The present invention relates to monitoring high-voltage equipment using a gas with high dielectric potential.

More particularly, the present invention relates to determining a leak rate of insulating gas from a gas-insulated compartment of an electrical system.

In order to protect the environment, release of insulating gas such as sulfur hexafluoride SF₆ must be controlled. Sulfur hexafluoride SF₆ is one of the greenhouse gases targeted by the Kyoto protocol as well as in Directive 2003/87/EC. Its global warming potential (GWP) is 22,800 times greater than that of carbon dioxide CO₂.

The leak rate of an insulating gas from a high-voltage installation of the gas-insulated switchgear (GIS)/gas-insulated line (GIL) type must therefore be monitored.

STATE OF THE PRIOR ART

It is known to use density monitors having contacts on a GIS. Those electro-mechanical devices are calibrated to activate at pressure values set by the manufacturer of the GIS. They make it possible to give a state of dielectric strength of the switchgear, but in no event do they make it possible to be informed about the amount of gas lost, or the gas leak rate.

Analog sensors/transmitters of gas density, also called densimeters, may be used in order to measure and transmit a magnitude representative of the insulating gas density enclosed in a compartment of the GIS, but they are sensitive to the electromagnetic disturbances caused by the high-voltage environment of the installation.

Said densimeters make it possible to deduce trend curves, but with accuracy of only a few percent. That accuracy is not sufficient for monitoring the leak rate of insulating gas from an installation of the GIS/GIL type.

It is possible to observe an SF₆ gas leak with an infrared camera. However, that does not make it possible to quantify the quantity of gas lost.

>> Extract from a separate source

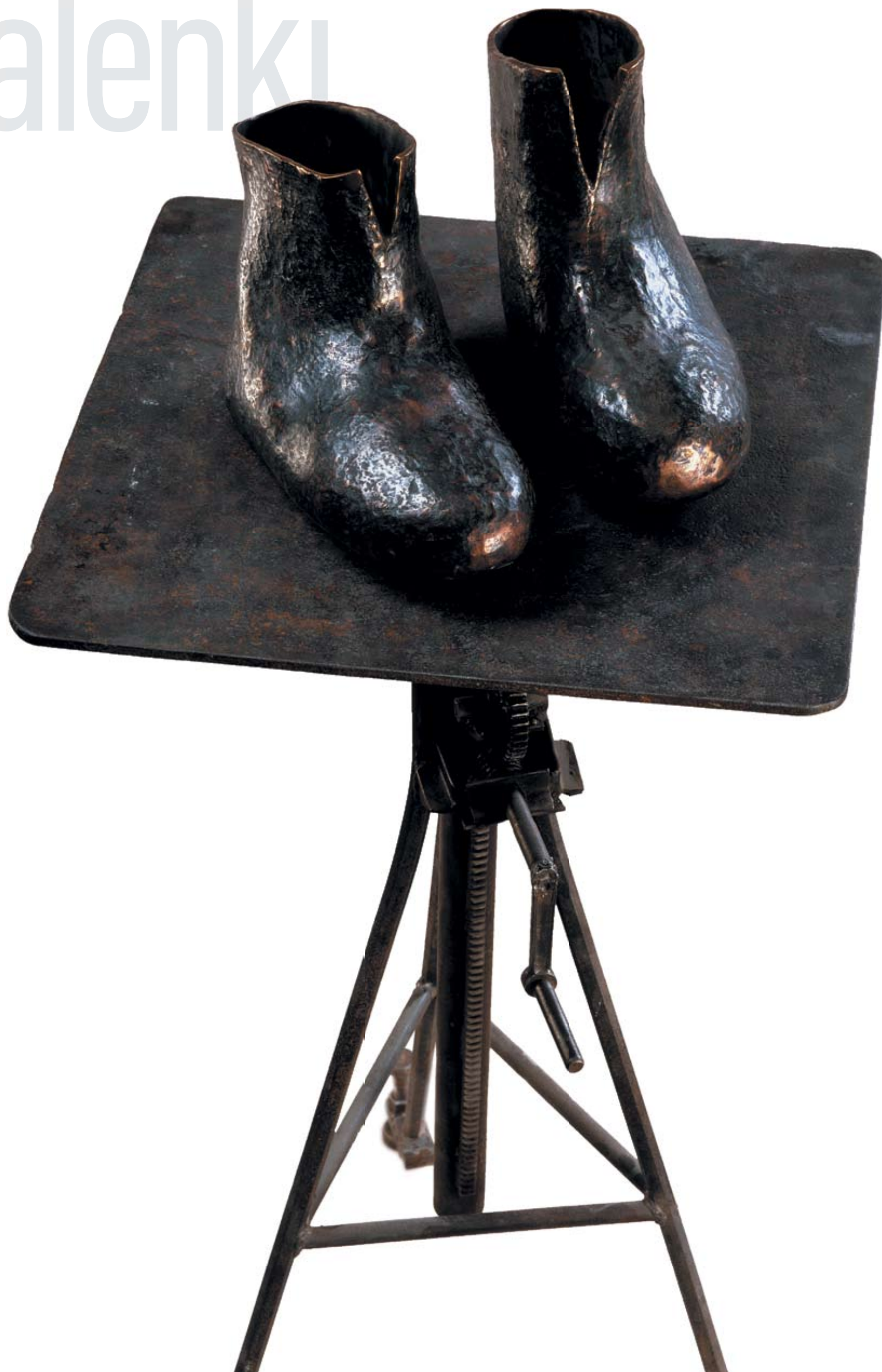
Валенки. 2001 Бронза. 23x29x32 см Valenki. 2001 Bronze. 23x29x32 cm

Assuming that a compartment of SF₆ gas that is leaking needs to be filled from a container of SF₆ gas, it is also possible to weigh the container before and after each top-up in order to deduce the quantity lost since the last top-up and thus deduce the leak rate. However, several years may separate two top-ups. Between two top-ups, no information is available about the leak rate of the gas.

SUMMARY OF THE INVENTION

The invention aims to overcome the problems of the prior art by providing a method of determining a leak rate of an insulating gas from a gas-insulated GIS compartment of an electrical installation having a plurality of similar compartments;

the method being characterized in that it comprises the steps of:

• • periodically determining a gas density value for each of the compartments of the installation;
  • determining respective trend lines from series of gas density values that have previously been determined for each of the compartments of the installation;
  • comparing slopes of the determined trend lines with one another;
  • detecting a leak if the result of a comparison for one of the slopes is greater than a predetermined threshold; and in the event of a leak being detected for a slope
  • determining a leak rate for the compartment associated with the slope that lead to a leak being detected.

By means of the invention, it is possible to determine the leak rate of insulating gas, in such a manner as to guarantee that it remains below a contractual value and/or to alert an operator in the event of a leak. The leak rate is determined as a function of the slopes associated with the compartments of the installation.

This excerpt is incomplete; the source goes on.